Guillaume Leterrier is an urban shepherd and former regional development specialist working in the social and solidarity economy.
Members of the Les Bergers Urbains collective have been rearing sheep in Seine-Saint-Denis since 2012. To promote peasant farming in the city, they pasture their domesticated sheep in Saint-Denis, Bondy and Aubervilliers, improving the parks and gardens in the three areas and creating a special bond with local residents.
Portrait: ©Teresa Suarez
In what way can a sheep shift our perception of the city?
Guillaume Leterrier: Our collective offers a gentler approach to managing open spaces by re-introducing a little bit of nature into the city. The sheep graze and then we see different types of grass appear and the return of flower-filled meadows. It gives us the opportunity to question our sedentary lifestyle.
The shepherd and the flock really do represent the nomadic lifestyle. The sheep always has the same rhythm. You have to wait, there’s no point going any faster. When the urban mammal encounters the rural mammal, it becomes more human.
It works pretty well: forcing the city to slow down makes it a more agreeable place. When you watch a sheep moving around parks and gardens, you realise that these open spaces are everywhere in the city, there are far more of them than you’d think. So it’s bit like a marker of the city.

Is urban transhumance something new or a forgotten custom?
It has always existed.

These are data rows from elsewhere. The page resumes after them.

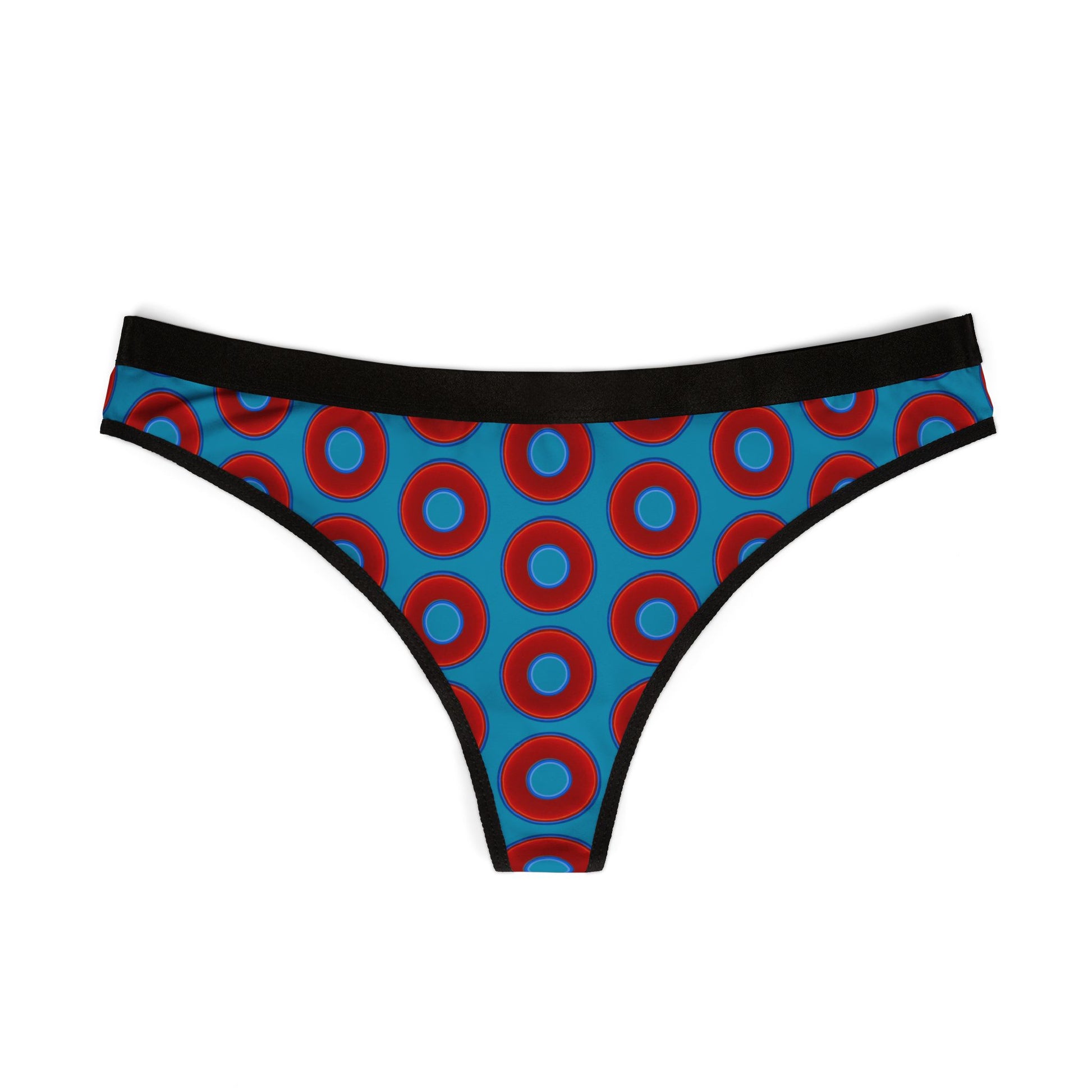 Lumpy Donut Thongs - red vivid donut print w/aquamarine blue background
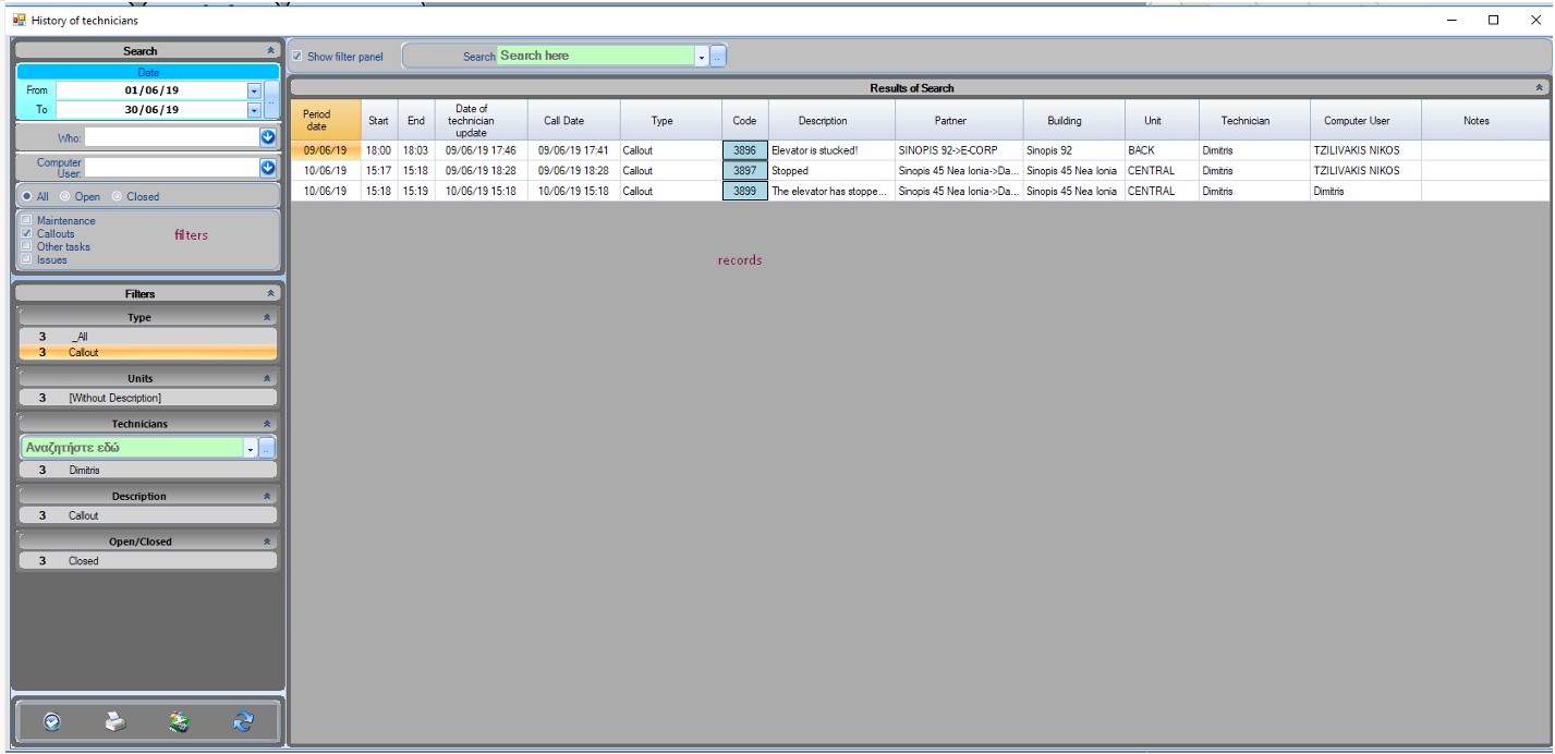 From the technician Action History you can see details about past events that were performed or appointed to technicians. This form works hand by hand with the mobile application but it can also display reports when events are inserted manually. By using the filters you can see records of:
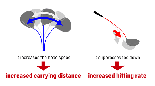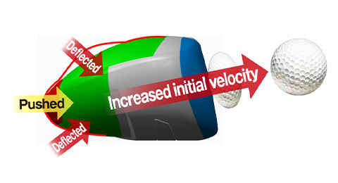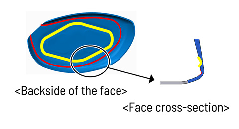 Two grooves on the back of the face create more flex, maintaining high repulsion power even on off-center hits.
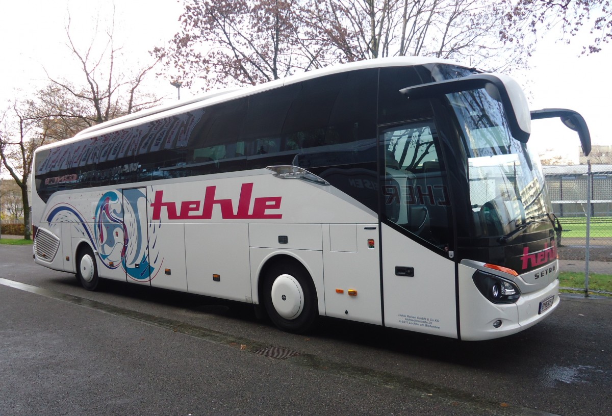 Ein Setra S 517 HD von Firma Blaguss aus Ungarn auf dem Busparkplatz vom Berliner ZOB am 23.11.14
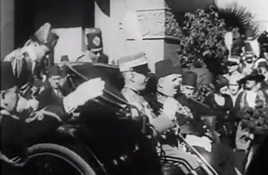 Vittorio Emanuele III e Re Fuad I in carrozza all’arrivo in Egitto (immagini Istituto Luce)
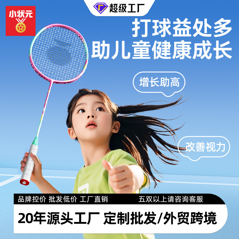 小チャンピオンのバドミントンラケットの子供の小学生の規格品の炭素の青少年の専門はダブルショットの初心者のスーツを打つことに耐えます。
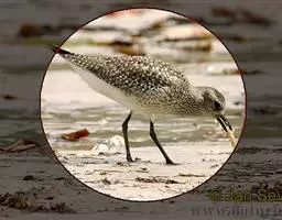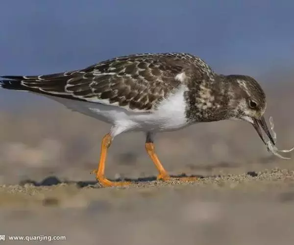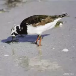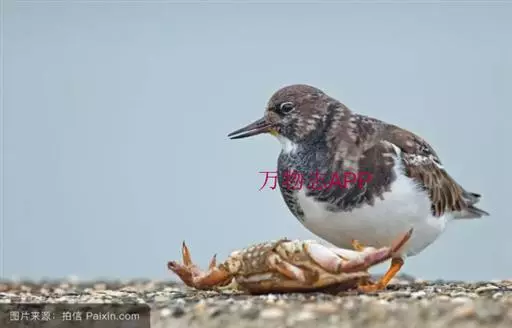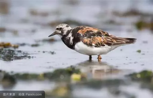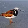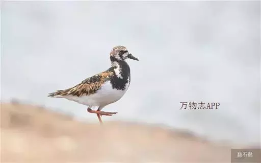 翻石鹬全貌特征 雄鸟夏季头颈白色,头顶与枕具细的黑色纵纹;前额白色,有一黑色横带横跨于两眼之间,并经两眼垂直向下,与黑色颚纹相交。眼先、耳覆羽和喉白色,胸和前颈黑色,两端分别向颈侧延伸,形成两条带斑;前端与黑色颚纹相联,使喉仅中部为白色。其余下体纯白色。背、肩橙红色,具黑、白色斑;下背和尾上覆羽白色,腰具一黑色横带;尾黑色,外侧5对尾羽具窄的白色尖端;初级飞羽黑褐色,羽轴白色,内侧初级飞羽基部白色;大覆羽黑色,具白色端斑,外侧次级飞羽基部也为白色,端部黑色;内侧次级飞羽白色,具黑色端斑;在翅上形成明显的白带。三级飞羽橙栗色,具黑色斑纹;小翼羽及初级覆羽黑色;中覆羽赤褐色;内侧翅覆羽和三级飞羽基部白色,在翅基部形成三角形白斑;雌鸟和雄鸟基本相似,但上体较暗,多为暗赤褐色,头部黑色纵纹较多。冬羽和夏羽相似,但上体橙栗色大多消失,变为暗褐色。背部和胸部黑色变为黑褐色。黑白斑驳也不甚明显。幼鸟似成鸟冬羽,但上体体色更暗,多为褐色,具皮黄白色羽缘。

We drew on a medieval law, the grazing right which allows people to pasture their animals on all fields and spaces which are open, not fenced in and not cultivated.
Paris would never have become a great city without the grazing land that surrounded it. Broadly, animal rearing began to disappear from cities in the 60s when the fridge was invented. According to FAO figures, fifteen years ago urban farming was feeding between 15 and 30 percent of the global population, mainly in the southern hemisphere. So it never totally disappeared.

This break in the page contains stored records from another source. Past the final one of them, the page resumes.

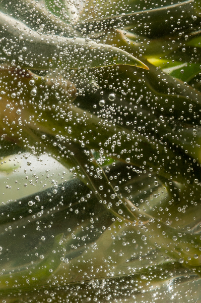 v – Undiffused late afternoon sun shining through the jug, creating reflection on the surface of bubbles in the water which had collected on the inside of the jug the flowers were standing in. The lens used was a Micro Nikkor 55mm 1:3.5 prime macro lens shut down to f16 with an exposure of 1/8″. The picture has been rotated 90 degrees from landscape to portrait to match the others in the assignment.
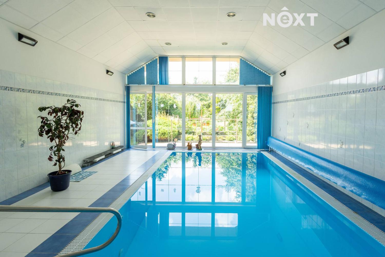 • Vnitřní vyhřívaný bazén s protiproudem (6×3 m) – ideální pro relax i aktivní plavání, který je propojen skleněnou stěnou s venkovní terasou orientovanou na západní stranu
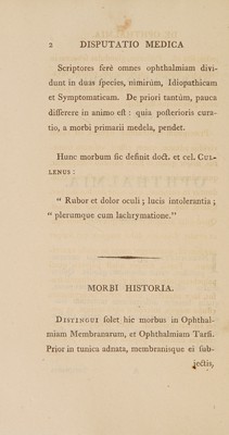 Credit: Disputatio medica inauguralis, de ophthalmia ... / Eruditorum examini subjicit Jacobus Niblock. Source: Wellcome Collection.
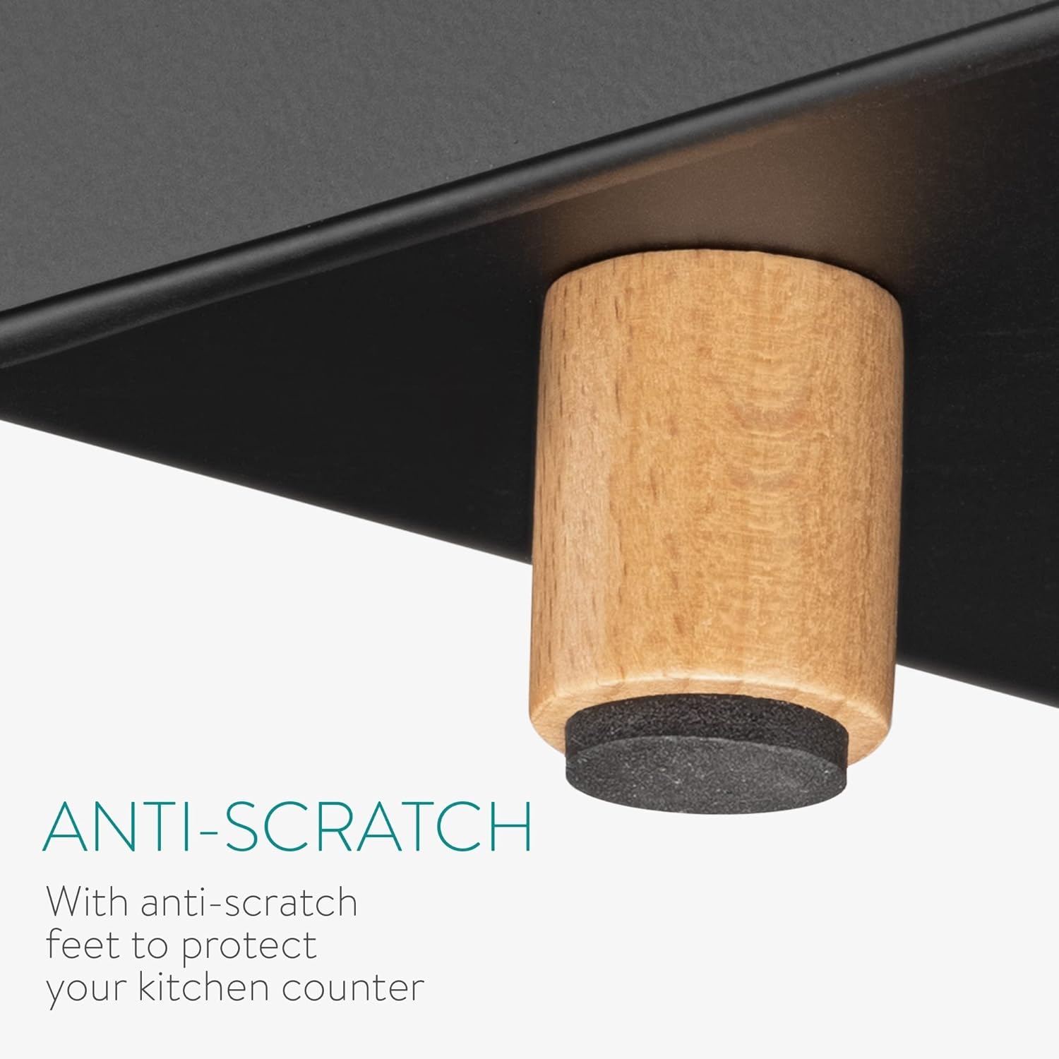 Στο κάτω μέρος της ψωμιέρας, υπάρχουν αντιολισθητικά πόδια, που προστατεύουν τον πάγκο της κουζίνας ή την επιφάνεια εργασίας σας από γρατζουνιές, αλλά βοηθούν επίσης στη διατήρηση της καλής κατάστασης των ποδιών, λειτουργώντας ως φράγμα μεταξύ των ποδιών και του πάγκου. Η λαβή και τα πόδια από ξύλο οξιάς προσθέτουν την τελευταία πινελιά σε αυτό το κομψά σχεδιασμένο κουτί ψωμιού!

How do you deal with moving your flock around the city?
We work with the Direction Départementale de la Protection des Populations (DDPP) [local department for protecting populations]. We inform the prefecture of our flocks’ movements at least a month in advance in case they carry and transmit any diseases. We also ask every commune we cross for permission to use the streets. The flock has to walk on the pavements, not the roads. The sheep are very domesticated, they know all about walking on the pavement.
We don’t really have a problem with urban planning. However, the city is clearly a much more pleasant place when it is open and green. We’re a bit like regional ambassadors working on managing open spaces, showing how to run them differently as well as bring them to life more easily.

We’re talking about equivalent costs, but we’ve got several roles: social cohesion, safety, mediation, things like that. And we can produce meat with a distinctive taste from the same animals feeding at different places. The wider the palette of flavours, the nicer it is. It’s useful to work on that aspect and to promote urban territories.
Do you feel that urban transhumance should be more widespread?
We’re not the only oddballs doing it. And actually it’s wrong to talk about transhumance, because it involves movement across large areas; what we do is travelling grazing and roaming. We’ve advised quite a lot of people: Lyon and Marseille are taking the same path, as is Brussels. The demand is there. We could imagine networks of breeders around Paris at the local authority level, the sharing of practices, meadows that work better, with more biodiversity.
When we lose our bond with animals, something feels not quite right. We can tell that something’s missing. So the ability to recreate it really is essential to the city of the future.